When using greedy decoding on a causal LM, how does `generate` handle tie-breaking between logits?

I noticed that, in case that a model returns a tie in the logits for two different tokens, generate does not always choose the lowest one.

input_ids = tensor([[128000,  16533,    279,   2768,   3488,    304,    264,   2478,   4339, 323,    449,    912,  37666,     13,   3639,    574,    279,   8250, 315,    578,   1050,    359,   2461,    315,    279,  21080,    555, 89315,  92898,     30,    578,   1050,    359,   2461,    315,    279, 21080,    555,  89315,  92898,  36513,    369]], device='cuda:0')
attention_mask = torch.ones_like(input_ids)

# model: LlamaForCausalLM
generated = model.generate(
	input_ids = input_ids,
	attention_mask = attention_mask,
	max_new_tokens = 20,
	min_new_tokens = 20,
	do_sample = False,
	temperature = None,
	use_cache = False,
	top_p = None,
	top_k = None,
	output_logits = True,
	return_dict_in_generate = True,
)
logits = torch.stack(generated.logits, dim = 1)

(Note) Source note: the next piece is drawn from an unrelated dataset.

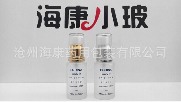 海康公司開發新款乳液玻璃瓶,在市場中引起熱銷。容量30ml,模製生產,瓶身橢圓形,後期經過蒙砂,絲印。瓶子為螺旋口徑,配套乳液泵頭,密封性好。此玻璃瓶的優點:朦朧的外表,產生視覺上的美感及產品的高端性。我公司還可以根據客戶要求在瓶身上印刷商標、各種字體、條形碼等。

logits[0][1][18] == logits[0][1][19] # True (20.8750 == 20.8750)

logits.argmax(dim = 2)[0][1] # 18 (chosen by torch).
generated.sequences[0][input_ids.shape[1] + 1] # 19 (chosen by HF generate).

What algorithm does generate use for tie-breaking the highest logiat? I cannot find any documentation about this on the Generation page, and this is making my model give wrong results later on.

Note that there are no precision problems here: the two logits have the exact same value.